From The Letters of George Santayana:  Book Six, 1937–1940.  Cambridge, MA: The MIT Press, 2004.
Location of manuscript: The Beinecke Rare Book Manuscript Library, Yale University, New Haven CT.

Letters in Limbo ~ April 15, 1945

george-santayana1To Daniel MacGhie Cory
Via Santo Stefano Rotondo, 6
Rome. April 15, 1945

Two robust sergeants, send by Freidenberg, who tomorrow becomes a Warrant Officer, have just brought me your letter of April 4, with the enclosed order for the remainder of the “escrow” in the Bank. I hope it will be enough to pay for your holidays in Maine. I have written to Mr. Wheelock, saying that I wish all my royalties to be paid to you for the present, since international banking seems to be impossible, and is likely to remain difficult for some time. My own account with Brown Shipley & Co has been “transferred to the Custodian of enemy property,” according to an inscription in red across an old cheque in favour of Miss Tindall, which she has returned. She is now willing to receive lire, so that I shall clear all indebtedness to her as soon as she returns Part II of the Idea of Christ, which she is now copying.

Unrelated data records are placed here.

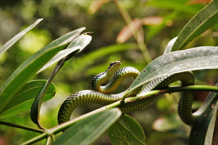 Snake between the leaves.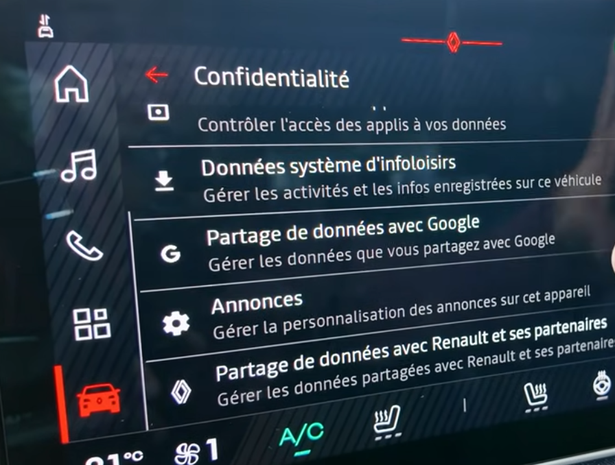Normalement, ça devrait se trouver ici : Après avoir sélectionné l'icône de la voiture tout à gauche, menu Réglages > Confidentialité > Partage de données avec Renault et ses partenaires (désolé pour la qualité, j'ai capturé l'image depuis une vidéo) Et si l'étoile est toujours présente, voir peut-être aussi "partage de données avec Google".
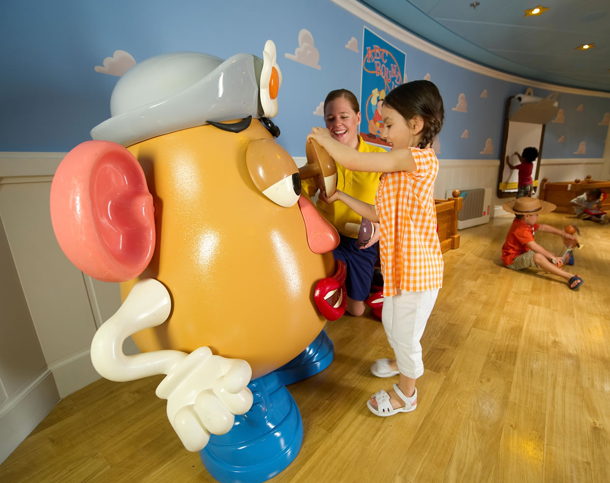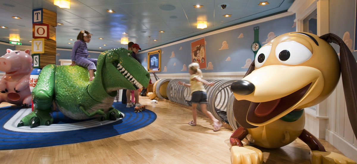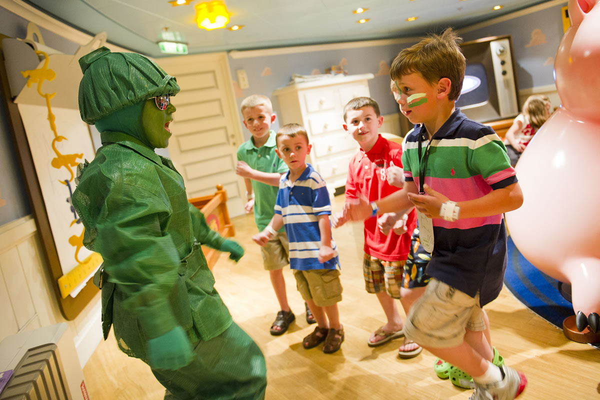 The heart of kids’ activities is built around youth clubs – a series of destinations exclusive to kids, broken up into age groups. For children ages 3 months to 3 years, there’s the “It’s a Small World Nursery”, a colorful space named after the famous Disney attraction of the same name. It’s here that my two kids went during select portions of our cruise, and they absolutely loved it. Mickey and the gang even stopped by while they were there, which made my son’s day, to say the least.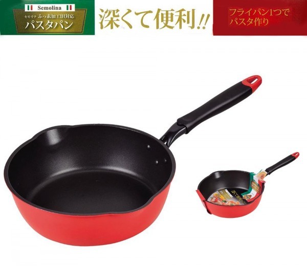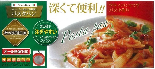 | フライパン1つでパスタ作り。大口径で注ぎやすい、ソースの盛り付けが楽々なパスタパンです。 |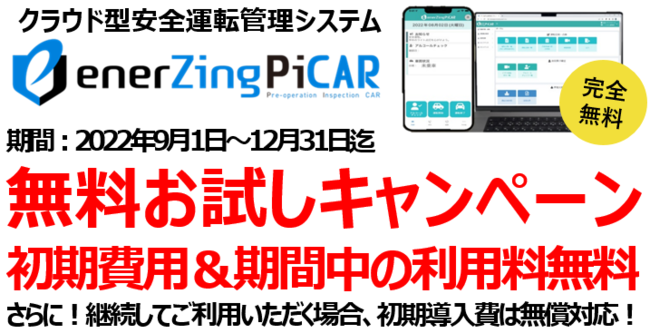 クラウド型安全運転管理アプリenerZingPiCARの初期費用”無料”、お試し期間”無料”のキャンペーン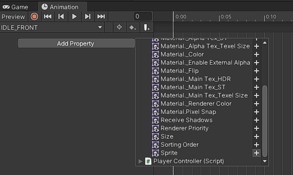 그리고 Idle 스프라이트를 드래그 앤 드롭하여 아래 사진처럼 등록하면 된다.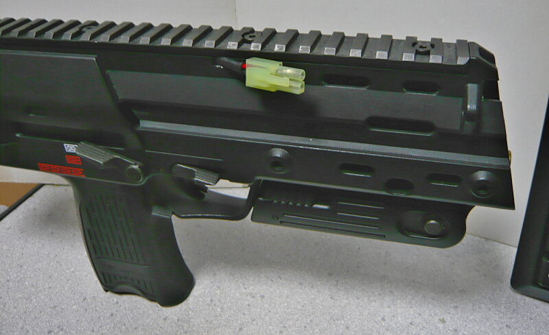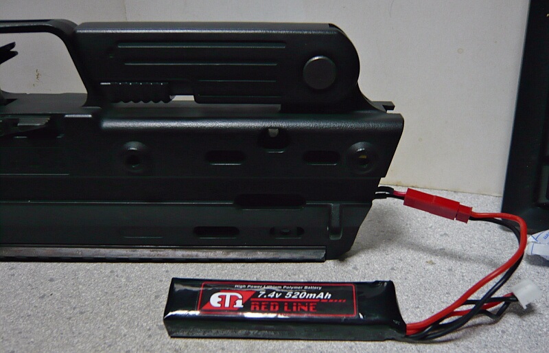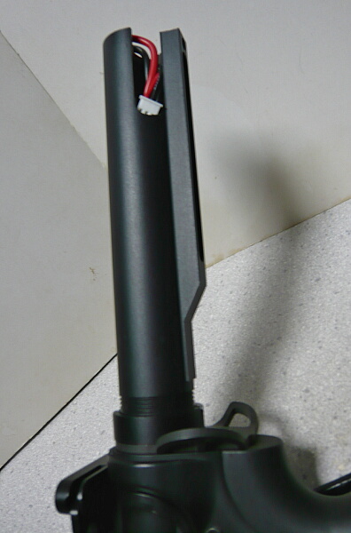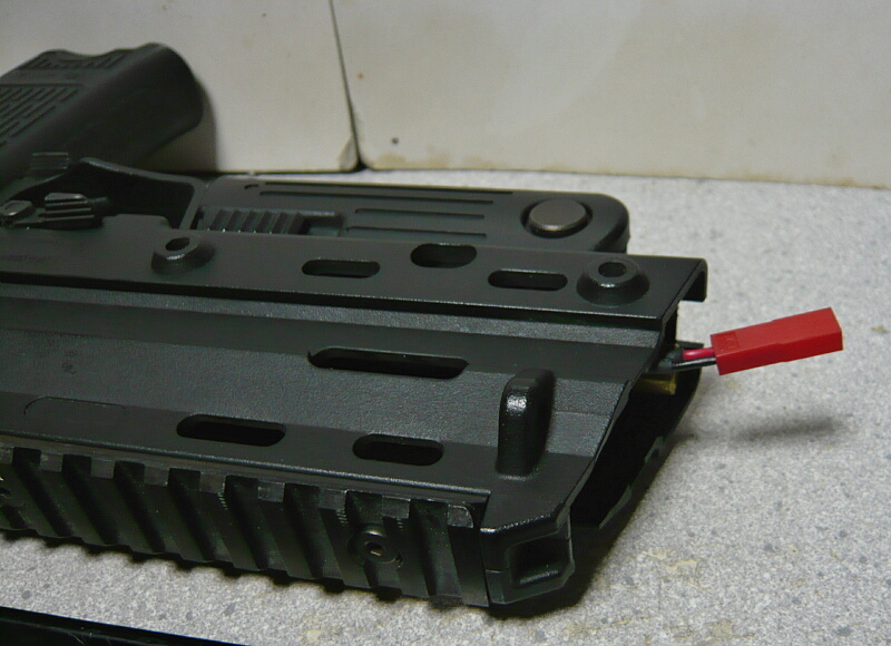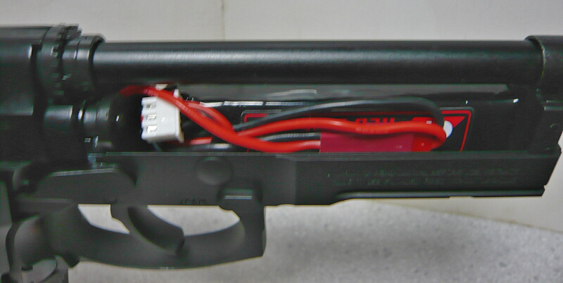 銃側の端子は斜めになったオーバル型で、どちら向きにも挿せてしまうのが怖いですが説明書通りだと配線の生えている側を斜め上に向けて差し込みます。外す時は銃側の端子のある左側にバッテリーを押し出すレバーがあるのでこれを操作すると簡単です。

Your father’s sentiments about English speech prove the relativity of morals and aesthetics. He might object to an English accent in you, if it were noticeable, but in Mrs. Cory he ought to regard it as an interesting and agreeable natural fact, like bird-notes. And in this case they are so much lighter and sweeter!

From The Letters of George Santayana:  Book Seven, 1941-1947.  Cambridge, MA: The MIT Press, 2006.
Location of manuscript: Butler Library, Columbia University, New York NY.